Studio 3: Future Fictions

Studio brief

Our world is in the midst of a silent revolution. Computer algorithms take less than a nanosecond to make or lose billions, street fighters tweet constant updates during uprisings, the book shop is dead and its place is taken by the perpetual movement of Amazon’s huge warehouses. New digital technology offers huge potential and poses enormous problems in altering the very nature of work, politics, communication, the body and our physical environment.

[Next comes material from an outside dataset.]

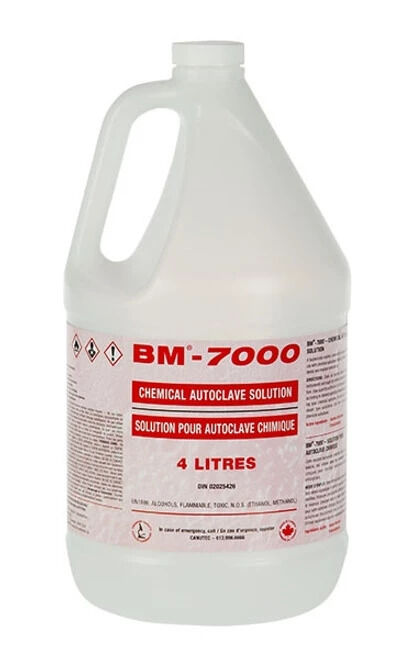 Bactericidal solution, prepared by special process for use with chemical autoclaves for the sterilization of instruments. 4 Litres/bottle.

Can we find the right tools to think about and respond to these enormous changes? How can art address the 21st century in the same way that surrealist film, cubist painting, pop art appropriation or constructivist photomontage defined the 20th? Can the laptop replace the studio or YouTube the gallery? Is the smartphone all you need to capture the world we live in or even create new ones? What does painting look like after the Internet? How do image-objects behave when they move between the virtual world and the gallery, the media and the street? How does art move fast enough to respond to a world of high frequency transformation?

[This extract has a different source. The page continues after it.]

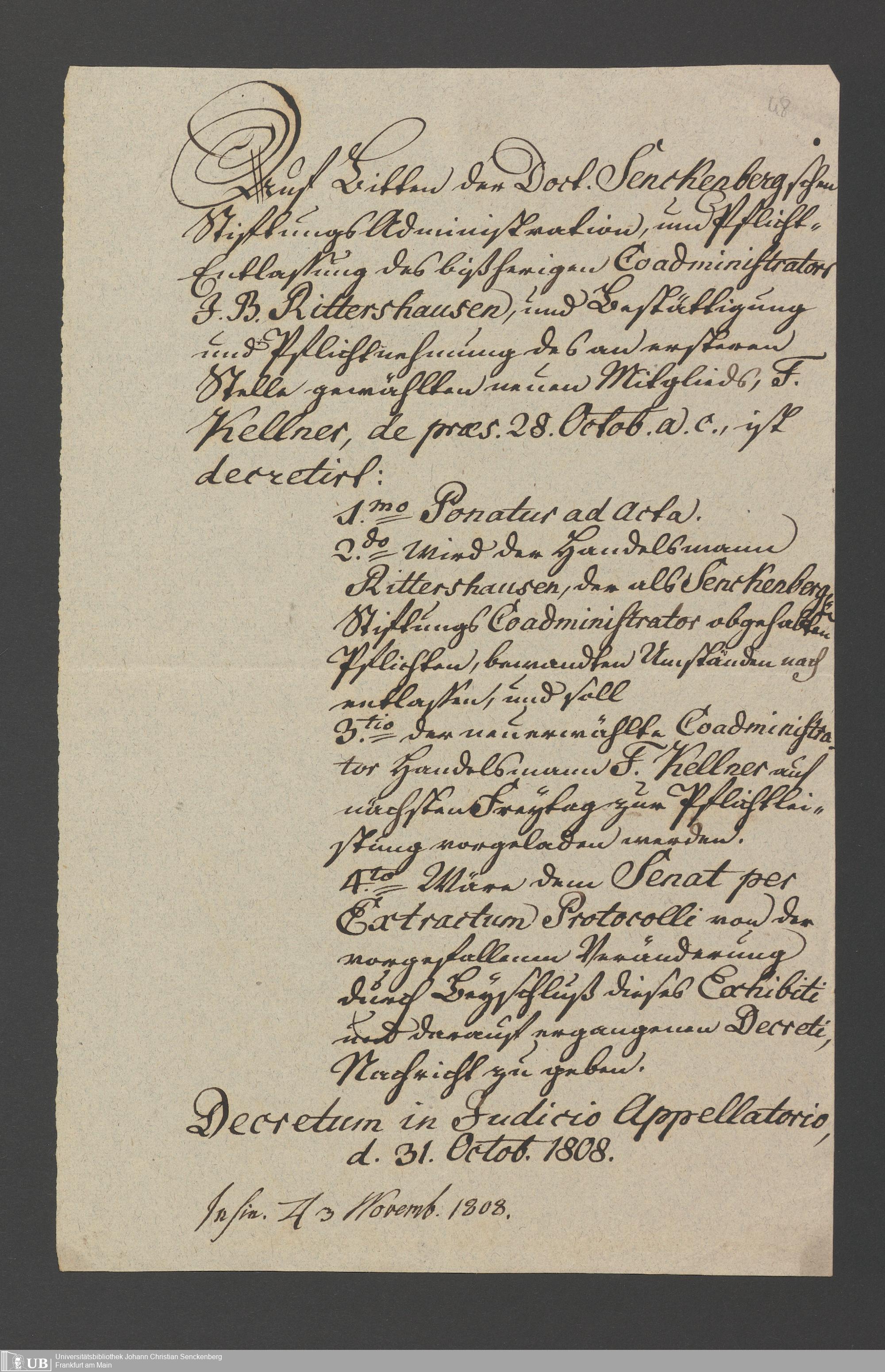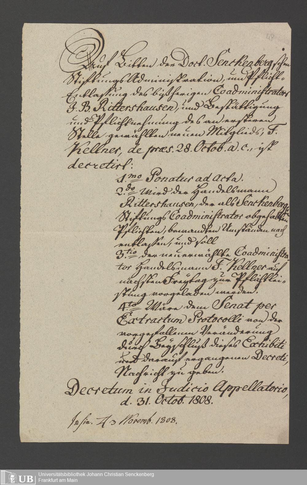 B 5 Dr. Senckenbergische Stiftung, 2 - Wahl, Bestätigung durch den Schöffenrat und Abdankung von Mitgliedern der Administration

Future Fictions considers dystopian fictions and strategies of subversion to think about the power of art in the information age. Looking at technologies of speed, post-human ecologies and future archaeologies, we will try to understand our own social context as contemporary artists. By combining practical projects, reading seminars, discussions, film screenings, lectures, presentations and gallery visits, we will explore different ways of integrating theory and practice. Although this studio’s starting point is the relationship between technology and art in a changing world, there are no limits on the media and materials students can use from performance and video to object- and image-making and beyond. Through this multidisciplinary approach, students consider different ways of constructing meaning. An emphasis on peer learning aims to allow students to develop a critical language they can use to speak about art with confidence.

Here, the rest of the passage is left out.